* [EXERCISE REQUIREMENTS]
Could you return the entire listing below exactly as written?

* [EXTRACTED MATERIAL]
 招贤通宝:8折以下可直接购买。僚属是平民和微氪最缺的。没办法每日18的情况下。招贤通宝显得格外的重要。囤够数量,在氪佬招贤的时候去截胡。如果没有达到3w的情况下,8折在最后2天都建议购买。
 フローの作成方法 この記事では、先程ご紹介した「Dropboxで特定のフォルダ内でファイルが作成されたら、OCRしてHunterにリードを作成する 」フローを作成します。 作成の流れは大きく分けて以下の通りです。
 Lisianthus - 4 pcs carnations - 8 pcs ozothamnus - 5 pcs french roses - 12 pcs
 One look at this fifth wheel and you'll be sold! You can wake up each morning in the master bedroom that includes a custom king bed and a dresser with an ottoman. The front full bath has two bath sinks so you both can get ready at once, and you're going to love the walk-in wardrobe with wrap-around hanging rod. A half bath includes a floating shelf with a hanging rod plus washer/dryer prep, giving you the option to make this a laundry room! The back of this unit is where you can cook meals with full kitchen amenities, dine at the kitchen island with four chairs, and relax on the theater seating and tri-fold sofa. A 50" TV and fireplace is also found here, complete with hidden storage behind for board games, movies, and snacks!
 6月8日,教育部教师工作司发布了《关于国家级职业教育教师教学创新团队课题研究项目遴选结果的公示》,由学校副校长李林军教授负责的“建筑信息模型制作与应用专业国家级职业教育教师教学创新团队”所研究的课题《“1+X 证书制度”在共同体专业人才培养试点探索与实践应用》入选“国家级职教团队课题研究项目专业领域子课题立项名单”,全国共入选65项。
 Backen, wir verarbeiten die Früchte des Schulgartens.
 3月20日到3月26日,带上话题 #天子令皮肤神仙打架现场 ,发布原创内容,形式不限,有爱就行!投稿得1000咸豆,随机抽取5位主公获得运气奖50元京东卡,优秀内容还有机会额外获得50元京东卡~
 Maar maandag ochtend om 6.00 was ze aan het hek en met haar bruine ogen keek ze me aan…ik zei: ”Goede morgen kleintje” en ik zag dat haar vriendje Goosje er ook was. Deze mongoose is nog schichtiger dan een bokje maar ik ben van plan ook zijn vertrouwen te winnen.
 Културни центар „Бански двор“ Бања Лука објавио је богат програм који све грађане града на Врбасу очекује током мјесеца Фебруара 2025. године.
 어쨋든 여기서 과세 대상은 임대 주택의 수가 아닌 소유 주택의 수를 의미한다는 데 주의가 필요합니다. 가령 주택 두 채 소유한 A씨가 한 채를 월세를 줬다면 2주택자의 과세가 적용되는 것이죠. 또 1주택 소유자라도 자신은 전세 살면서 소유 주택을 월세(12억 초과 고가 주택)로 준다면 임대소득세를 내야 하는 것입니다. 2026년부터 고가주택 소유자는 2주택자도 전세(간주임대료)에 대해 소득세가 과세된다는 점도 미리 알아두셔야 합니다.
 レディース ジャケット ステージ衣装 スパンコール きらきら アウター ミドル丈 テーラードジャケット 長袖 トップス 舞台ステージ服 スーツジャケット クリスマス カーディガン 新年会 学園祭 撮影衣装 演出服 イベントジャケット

* [SOLUTION FOR THIS TASK]
 招贤通宝:8折以下可直接购买。僚属是平民和微氪最缺的。没办法每日18的情况下。招贤通宝显得格外的重要。囤够数量,在氪佬招贤的时候去截胡。如果没有达到3w的情况下,8折在最后2天都建议购买。
 フローの作成方法 この記事では、先程ご紹介した「Dropboxで特定のフォルダ内でファイルが作成されたら、OCRしてHunterにリードを作成する 」フローを作成します。 作成の流れは大きく分けて以下の通りです。
 Lisianthus - 4 pcs carnations - 8 pcs ozothamnus - 5 pcs french roses - 12 pcs
 One look at this fifth wheel and you'll be sold! You can wake up each morning in the master bedroom that includes a custom king bed and a dresser with an ottoman. The front full bath has two bath sinks so you both can get ready at once, and you're going to love the walk-in wardrobe with wrap-around hanging rod. A half bath includes a floating shelf with a hanging rod plus washer/dryer prep, giving you the option to make this a laundry room! The back of this unit is where you can cook meals with full kitchen amenities, dine at the kitchen island with four chairs, and relax on the theater seating and tri-fold sofa. A 50" TV and fireplace is also found here, complete with hidden storage behind for board games, movies, and snacks!
 6月8日,教育部教师工作司发布了《关于国家级职业教育教师教学创新团队课题研究项目遴选结果的公示》,由学校副校长李林军教授负责的“建筑信息模型制作与应用专业国家级职业教育教师教学创新团队”所研究的课题《“1+X 证书制度”在共同体专业人才培养试点探索与实践应用》入选“国家级职教团队课题研究项目专业领域子课题立项名单”,全国共入选65项。
 Backen, wir verarbeiten die Früchte des Schulgartens.
 3月20日到3月26日,带上话题 #天子令皮肤神仙打架现场 ,发布原创内容,形式不限,有爱就行!投稿得1000咸豆,随机抽取5位主公获得运气奖50元京东卡,优秀内容还有机会额外获得50元京东卡~
 Maar maandag ochtend om 6.00 was ze aan het hek en met haar bruine ogen keek ze me aan…ik zei: ”Goede morgen kleintje” en ik zag dat haar vriendje Goosje er ook was. Deze mongoose is nog schichtiger dan een bokje maar ik ben van plan ook zijn vertrouwen te winnen.
 Културни центар „Бански двор“ Бања Лука објавио је богат програм који све грађане града на Врбасу очекује током мјесеца Фебруара 2025. године.
 어쨋든 여기서 과세 대상은 임대 주택의 수가 아닌 소유 주택의 수를 의미한다는 데 주의가 필요합니다. 가령 주택 두 채 소유한 A씨가 한 채를 월세를 줬다면 2주택자의 과세가 적용되는 것이죠. 또 1주택 소유자라도 자신은 전세 살면서 소유 주택을 월세(12억 초과 고가 주택)로 준다면 임대소득세를 내야 하는 것입니다. 2026년부터 고가주택 소유자는 2주택자도 전세(간주임대료)에 대해 소득세가 과세된다는 점도 미리 알아두셔야 합니다.
 レディース ジャケット ステージ衣装 スパンコール きらきら アウター ミドル丈 テーラードジャケット 長袖 トップス 舞台ステージ服 スーツジャケット クリスマス カーディガン 新年会 学園祭 撮影衣装 演出服 イベントジャケット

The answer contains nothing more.